Unlike the previously described presidents, Chester A. Arthur actually reached the end of his term before passing away. Just one year after replacing James Garfield as head of state, Arthur was diagnosed with Bright’s disease in 1882. He succumbed to the illness in 1886 – two years after leaving office.
But not every presidential death has been due to natural causes. A total of four presidents have been assassinated over the course of U.S. history, beginning with Abraham Lincoln in 1865. Following his victory in the American Civil War, Lincoln was fatally shot by Confederate sympathizer John Wilkes Booth at Ford’s Theatre.
A quarter of a century later, James Garfield became the second president to die by someone else’s hand. Unlike Lincoln, however, Garfield’s death wasn’t a political assassination. In fact, he was shot by lawyer Charles Julius Guiteau in 1881 as revenge for refusing to give him an ambassadorial role in France.
Two decades on, William McKinley was shot dead by assassin Leon Czolgosz in 1901, just one year after winning a second term, thanks in part to the Spanish-American war. An embittered anarchist, Czolgosz was seemingly inspired by the assassination of King Umberto of Italy in 1900.

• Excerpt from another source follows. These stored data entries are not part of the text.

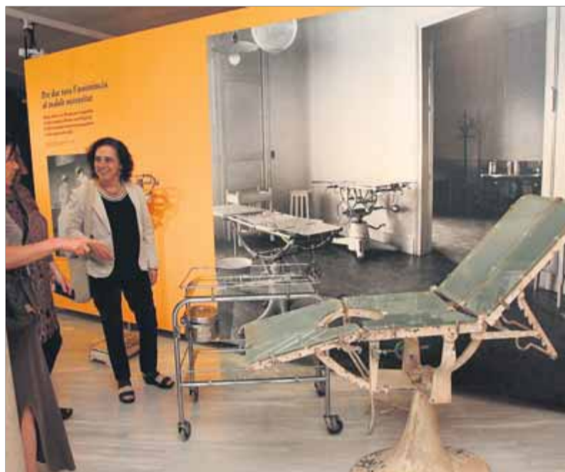
Una de les recreacions a l'espai expositiu Santa Caterina, en aquest cas d'una sala d'operacions amb una antiga taula quirúrgica ■ JOAN SABATER

Al passatge, s'hi han posat cinc grans arcs amb la cronologia i imatges de diferents aspectes del centre hospitalari: l'hospital i la ciutat; l'atenció al malalt; laboratoris, sales d'operacions i farmàcia; vida a l'interior, i l'hospital visitat i celebrat són els temes que s'hi tracten. El pas pels arcs acompanya, a poc a poc, el visitant en una particular immersió cap al passat, ja a l'espai expositiu Santa Caterina. L'hi introdueixen amb una mirada al passat més recent, el del silenci que va senyorejar els seus murs a partir del 2004, quan va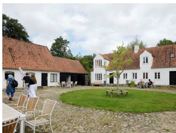
Gårdrum i Museum Malergården i Plejerup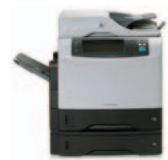
HP LaserJet 4345x mfp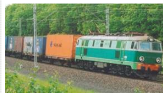
Rail Freight Transport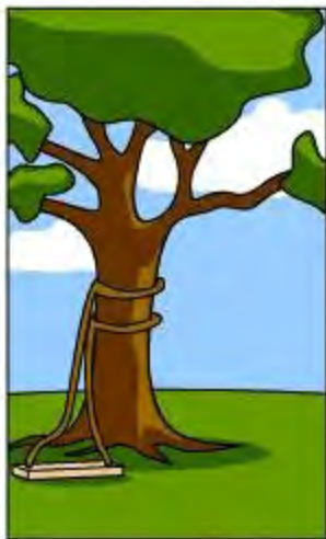
プログラマのコード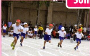
小学校での初めての運動会！ 元気いっぱい走り切りました。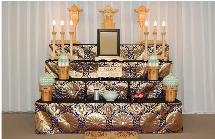
祭壇サイズ 幅 180cm 金欄四段飾り

記録帳、ローソク・線香 (各1箱) お香、香炭 祭壇後幕 (540cm×270cm)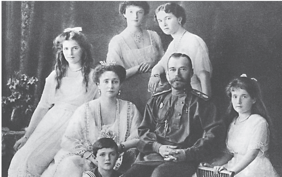
Семья последнего русского Императора

Но банальная причина в другой стороне. Когда возник интерес к Романовым? Именно тогда, когда Леонид Ильич Брежнев, а затем и Михаил Сергеевич Горбачев пытались улучшить отношения с Букингамским дворцом. Ее величество королева Елизавета Вторая говорила, что она не приедет в Россию до тех пор, пока перед ней не извинятся за судьбу Николая Второго.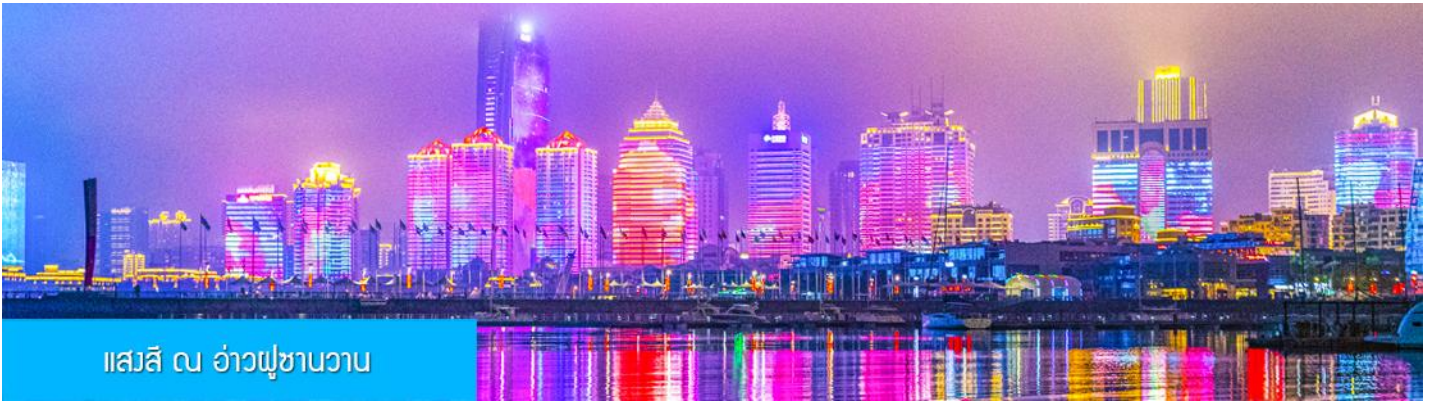
แสงสี ณ อ่าวฝูซานวาน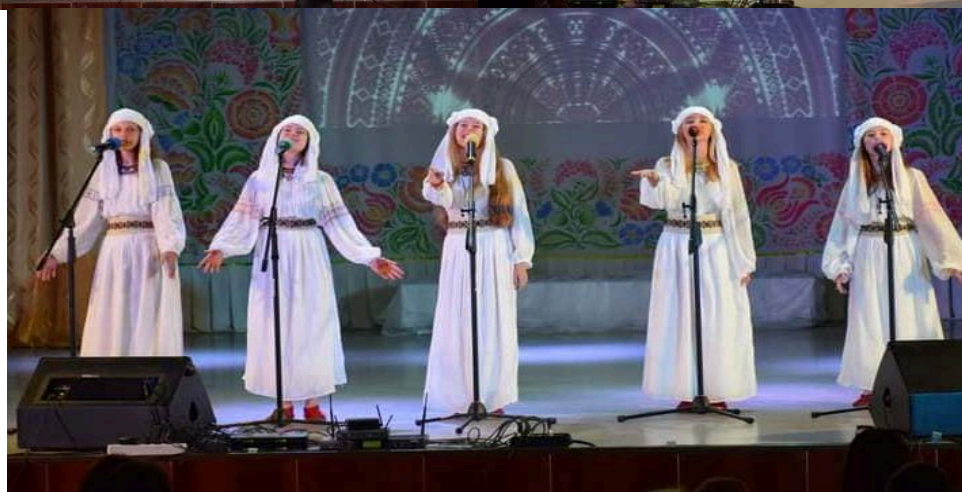
Тематичний захід, присвячений 30-й річниці Незалежності України «Україна. 30 кроків вперед» (Шепетівський МБК, 23.08. 2021р.)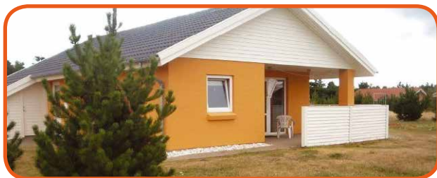
Huset i Houstrup

Der er skiftedag fredag kl. 16.00. Weekend kan kun lejes hvis huset ikke er lejet ud i hele ugen.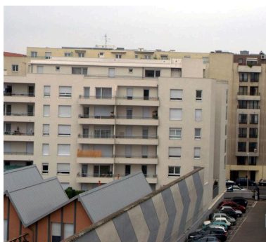
Élévation postérieure, vue partielle depuis l'est IVR82_20116904975NUCA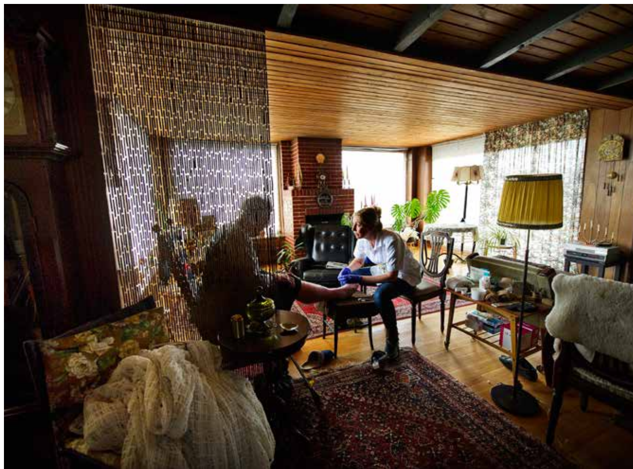
Syge borgere og deres pårørende kan få hjælp af velfærdsteknologien. Men på mange områder er teknologien længere fremme end lovgivningen, og der er etiske dilemmaer at tage stilling til.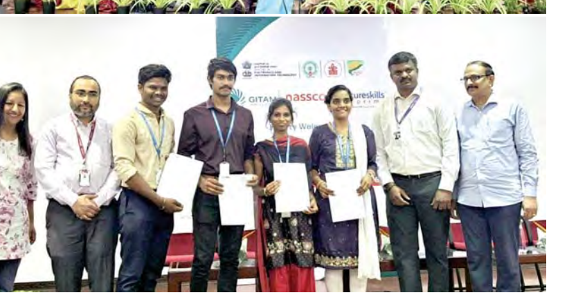
విశాఖపట్నం, మార్చి 6, ప్రభాతవార్త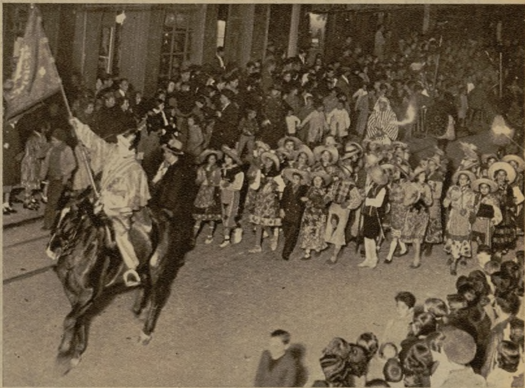
Grupo de pastorcitos que figuraban en la lucida cabalgata que recorrió los centros benéficos de Granada repartiendo regalos a los pequeños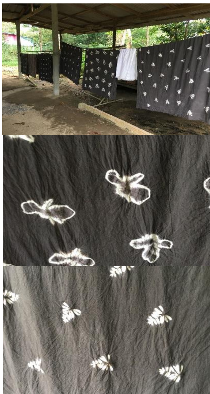
ภาพที่ 36 ลายของผ้ามัดย้อม ที่มา : ถ่ายโดยผู้วิจัย เมื่อวันที่ 5 กุมภาพันธ์ 2561

4) ในส่วนของการย้อมสี นำผ้าที่มัดลายแล้ว จุ่มลงในน้ำสีที่ใส่น้อย แล้วนำผ้าไปต้มในน้ำสีที่กรองไว้ ประมาณ 1 คืน จึงนำผ้าที่ย้อมมาแกะดูลาย ถ้าได้ลายตามต้องการ นำผ้าไปล้างในน้ำสะอาดอีกครั้ง แล้วนำผ้าไปตากไว้ในที่ร่ม 1 วัน แล้วนำผ้าไปแปรรูปตามผลิตภัณฑ์ที่ต้องการ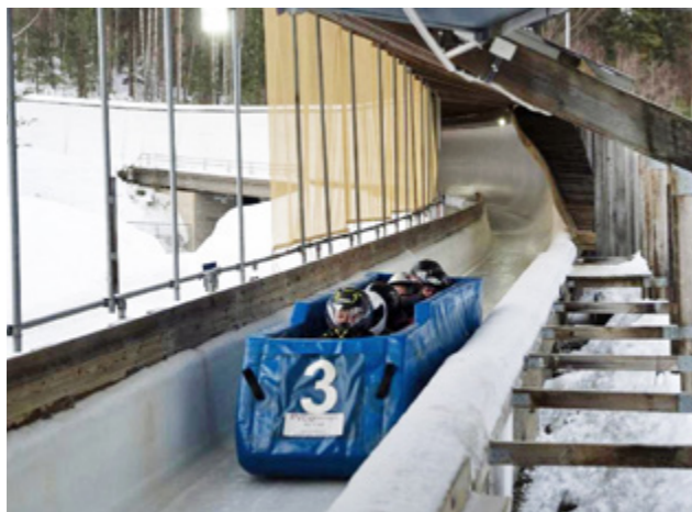
Bobkjøring fall verkeleg i smak.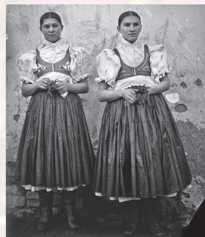
Dievčatá vo sviatočnom odevu. Handlová, začiatok 20. storočia.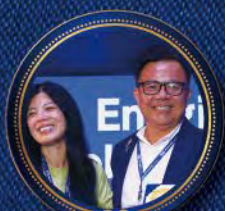
Alan Kathy LLC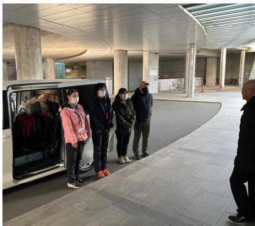
保健医療部次長からの激励のあいさつ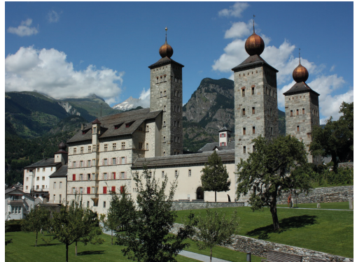
Blick vom Hotel auf das Stockalperschloss

Wir wohnen im ***-Sterne-Schloßhotel Art Furrer in Brig. Die ruhige und schöne Lage direkt neben dem Stockalperschloss ist einzigartig. Lift vorhanden.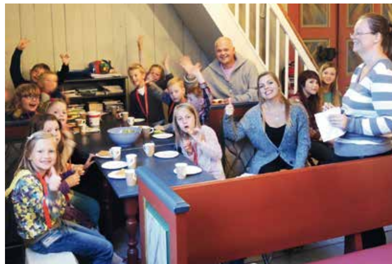
Det er pause for Tårnagenter og gode medhjelpere blant konfirmanter, foreldre og andre, og da hører selvsagt god mat med.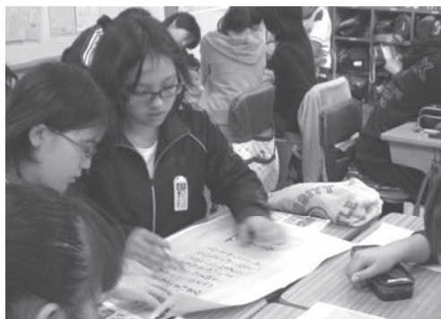
初めての古文書との出会い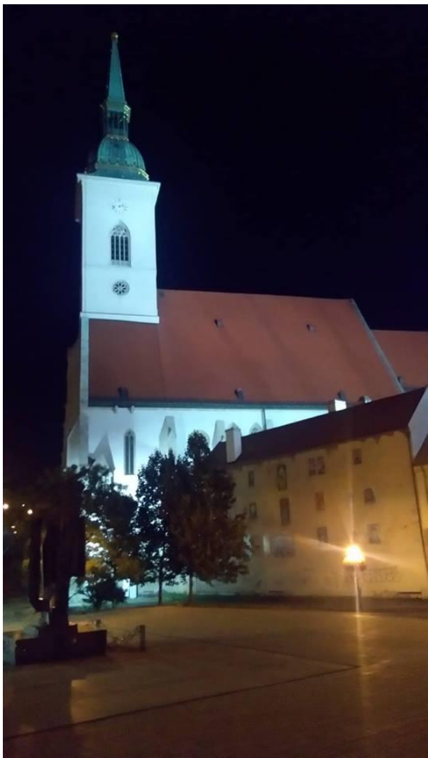
Katedrála sv. Martina – korunovační kostel Marie Terezie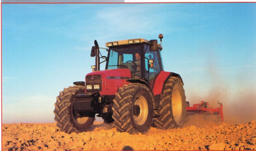
PCS (Power Control System) gör MF 6200 till två traktorer i en: en smidig och stark lastartraktor, eller som här, en kraftfull dragare i fält.

MF 6200 från 75 till 135 hk ger dig råstarka, miljövänliga motorer, tillsammans med marknadens förnämsta transmission. Dynashift PLUS har fyra kopplingsfria växelsteg på var och en av de åtta huvudväxlarna, kopplingsfri fram/back och fingertoppsmanövrerad koppling. Allt samlat i ett reglage: PCS (Power Control System), bekvämt placerat till vänster vid ratten. Lägg sedan till smarta automatiska TC (Transmission Controller) – som bland annat sköter i- och urkoppling av fyrhjulsdriften och differentialspärrens, samt övervakar och skyddar skyddar transmissionen mot överbelastning – och du har marknadens bästa och bekvämaste all-round-traktor. ■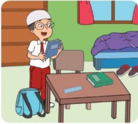
Gambar 1.3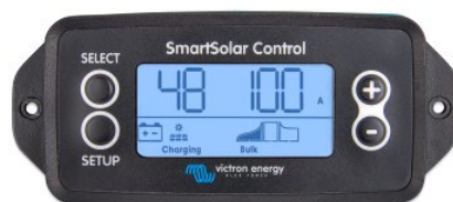
Pantalla enchufable SmartSolar

Simplemente retire el protector de goma del enchufe de la parte frontal del controlador y conecte la pantalla.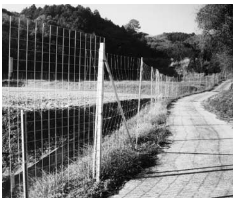
岐部地区のイノシシ防護金網柵

産業商工部長 農作物被害は2,030万円で、本年度は経済対策を利用して電気柵は2.8倍の7,100m、金網柵は10倍の4万250m実施しました。今後は中山間地域総合整備事業等を活用して対策に努めたいと考えています。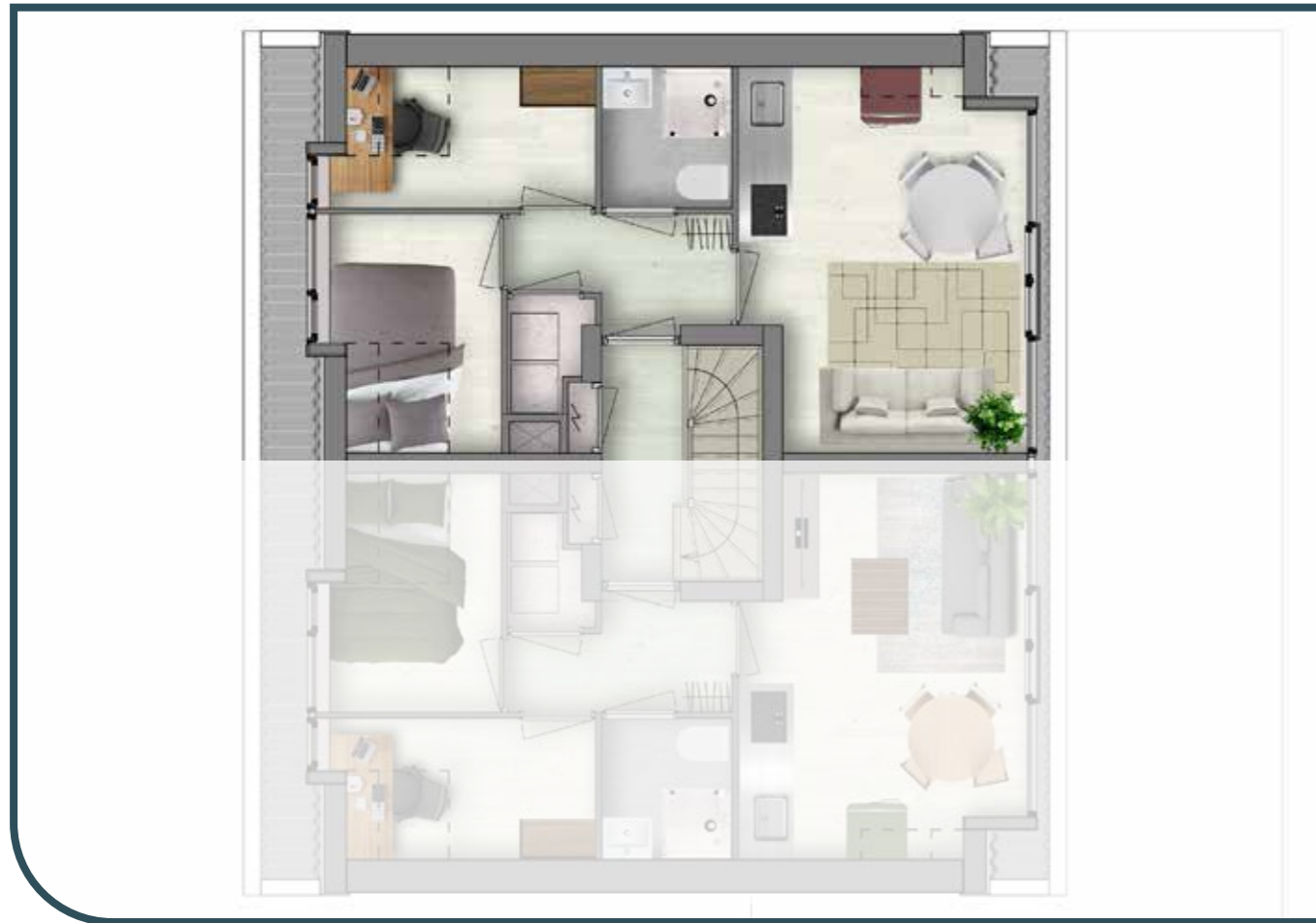
TWEEDE VERDIEPING APPARTEMENT 4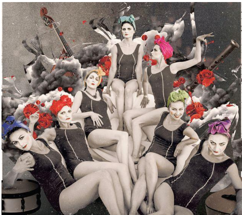
Terabak de Kyiv

Au plus près des spectateurs, attablés comme dans un cabaret populaire, un groupe d'artistes aux talents multiples, offrent tour à tour leurs performances sur une scène modulable. Mât chinois, trampoline, tours de magie où le spectateur est invité à participer, sangles, monocycle et acrobaties... Les actes s'enchaînent, tantôt graves tantôt burlesques.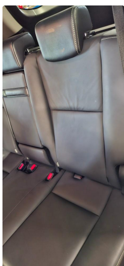
3.1 Hodestøtte skadet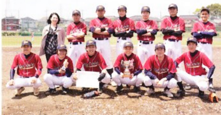
3位 日本エム・ケー・エス(株) 4位 (株)タニタ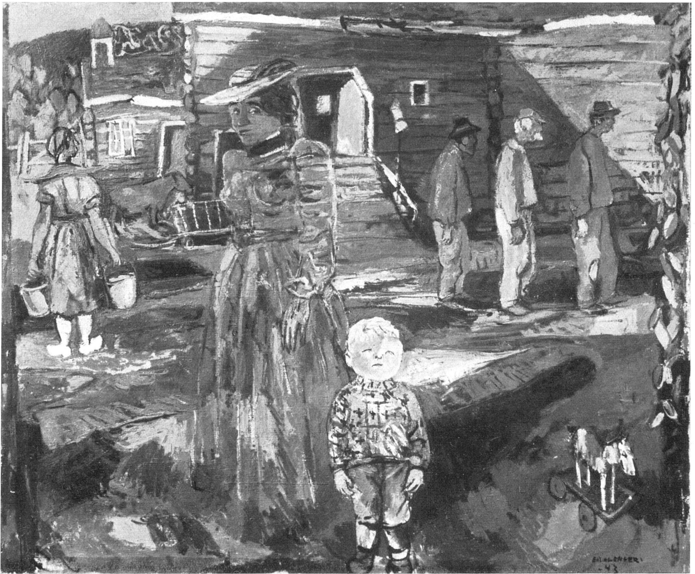
Erling Enger, Alter Hof , 1943 | Vieille ferme | Old farm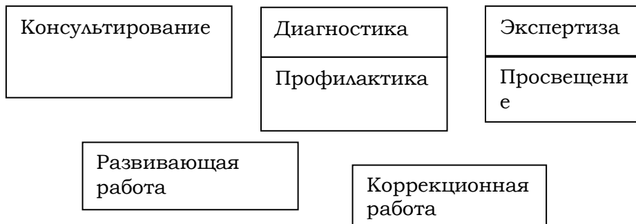
Рис. 1 Основные формы психолого-педагогического сопровождения

В процессе реализации основной образовательной программы используются такие формы психолого-педагогического сопровождения, как:

The last and perhaps most well-remembered president to be assassinated, John F. Kennedy, was slain while visiting Dallas in 1963. While communist sympathizer Lee Harvey Oswald was arrested for the killing, he himself was murdered before he could be tried, prompting decades of conspiracy theories and speculation.
Trump himself, meanwhile, is no stranger to assassination attempts. During a 2016 campaign rally in Las Vegas, British national Michael Sandford stole a police officer’s gun with the intention of killing the then Presidential nominee. Certainly it shows how far Trump’s enemies will go to cut his ambitions short.
But while his detractors agree that assassination would be an unthinkable event, most are divided on how Trump’s first term will pan out. Some – like filmmaker Michael Moore – have argued that impeachment is inevitable. Meanwhile, others have speculated that the Republican Party wouldn’t start legal action for fear of losing voters.
For many, in fact, the question of Trump’s downfall isn’t a case of “if” but of “when.” And although the future isn’t decided, the past has taught us that holding onto power can be tough. Needless to say, the whole world is watching the incumbent president very closely, and one false move could spell the end of his career.